Schubert: The Cycles Wolfgang Holzmair(baritone)

Schubert: The Cycles
Wolfgang Holzmair(baritone)
Imogen Cooper (piano)

Die schone Mullerin; Winterreise; Schwanengesang; 7 lieder

Philips 476-200-2 (3-CD pack)
TPT: 3:34:59

reviewed by Neville Cohn



There are so many fine recordings of Schubert’s great song cycles extant, many of them of exceptional standard, that one might question whether there’s a need of another – in this case a re-issue. What, if anything, does this re-release offer the listener that is not adequately, indeed, in some cases, superbly, explored on other CDs available at the present time?

After the most careful listening – and a good many re-hearings – to the Holzmair/Cooper partnership, the answer is very definitely in the affirmative, especially in relation to the Mullerin and Winterreise works.

Now, let it be unequivocally said that many – most, for that matter – of the other versions currently available are as technically skilled and tonally attractive in relation to both voice and piano; some, such as the Fischer-Dieskau/Moore recordings have the unmistakable stamp of greatness.

But what places the Holzmair/Cooper version of the cycles in a category largely of its own is the quite exceptional care lavished on the schubert1narrative aspect of the works, a sense of an unfolding, many-chaptered tale being related to the listener by master story tellers. The plural is deliberate, the piano accompaniments as crucial to the overall effect as the vocal line.

This is no mean achievement. Holzmair and Cooper present the cycles in a way that compels complete attention from first note to last. There is nothing in the current catalogue of available recordings that offers this crucial dimension at so high a level and so consistently. Here, the cumulative effect of Holzmair and Cooper’s approach to the the narrative’s development, especially in Winterreise, makes for enthralling listening.

Again and again, one is drawn ineluctably into the unique sound and mood world of Schubert who focussed his genius so unremittingly on Wilhelm Muller’s rather humdrum words that, for the duration of the performance, they sound significantly more profound and probing than they really are. This is rather like Mussorgsky’s Pictures at an Exhibition in which Victor Hartman’s quite ordinary drawings and paintings are given an immortality by the music that they would never have achieved on their own.

Certainly, in Winterreise, Holzmair and Cooper evoke, with uncanny skill, the bitterness of broken dreams that lies at the heart of the cycle, in which gloom and depression are all-pervading and where the effect of the forsaken protagonist’s corrosive loneliness transforms mere sadness into a despair beyond despair. And when, towards the close of the work, the hapless lover experiences mental disintegration – where, hallucinating, he looks up at the sky and sees, not one sun, but three – Holzmair and Cooper’s lieder partnership achieves greatness.

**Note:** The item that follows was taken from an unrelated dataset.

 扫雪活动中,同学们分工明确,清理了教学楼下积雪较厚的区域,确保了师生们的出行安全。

And in Die Schone Mullerin, the shifting moods of the cycle from blithe to suicidal are impressively evoked. Here is an account that is no less persuasive as an unfolding story, a performance brimming with meaning.

Here are innumerable felicitous touches. Listen, for instance, to Wohin?: how perfectly controlled the piano triplets are – and Holzmair’s lightness of tone here sounds entirely right. And there is about the presentation of Ungeduld a quality of palpitating breathlessness that is a perfect assessment of the impatience that is the title of this lied. And the so-elusive piano accompaniment to Der Lindenbaum is splendidly controlled and lyrical.

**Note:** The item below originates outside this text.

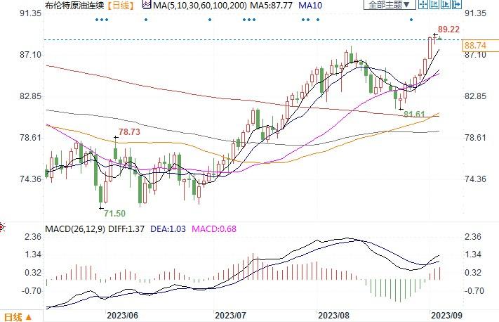 北京时间9月5日11:07 布伦特原油主力合约现报 88.92 美元/桶

A minor reservation is an occasional inclination to overaccentuate this or that syllable in the vocal line.

Schwanengesang is given first rate treatment. I particularly admired the youthful, keen ardour brought to Standchen as well as the remarkable clarity of Cooper’s playing, so very difficult to achieve in Aufenthalt where, more often than not, the piano part can sound thick-textured and blurred. Here, fittingly, the vocal line comes across like a cry of pain. Listen, too, for that sinister sense of foreboding which Holzmair and Cooper conjure up in Herbst.

Liebesbotschaft, one of Schubert’s most poignant utterances, is most competently essayed although one felt a need for a rather more emphatic left hand to underscore Schubert’s glorious, shifting modulations in the piano part.

In addition to Schwanengesang, there are an additional seven lieder, each presented like a finely facetted gem.

These are performances that warrant pride of place in any collection of lieder recordings.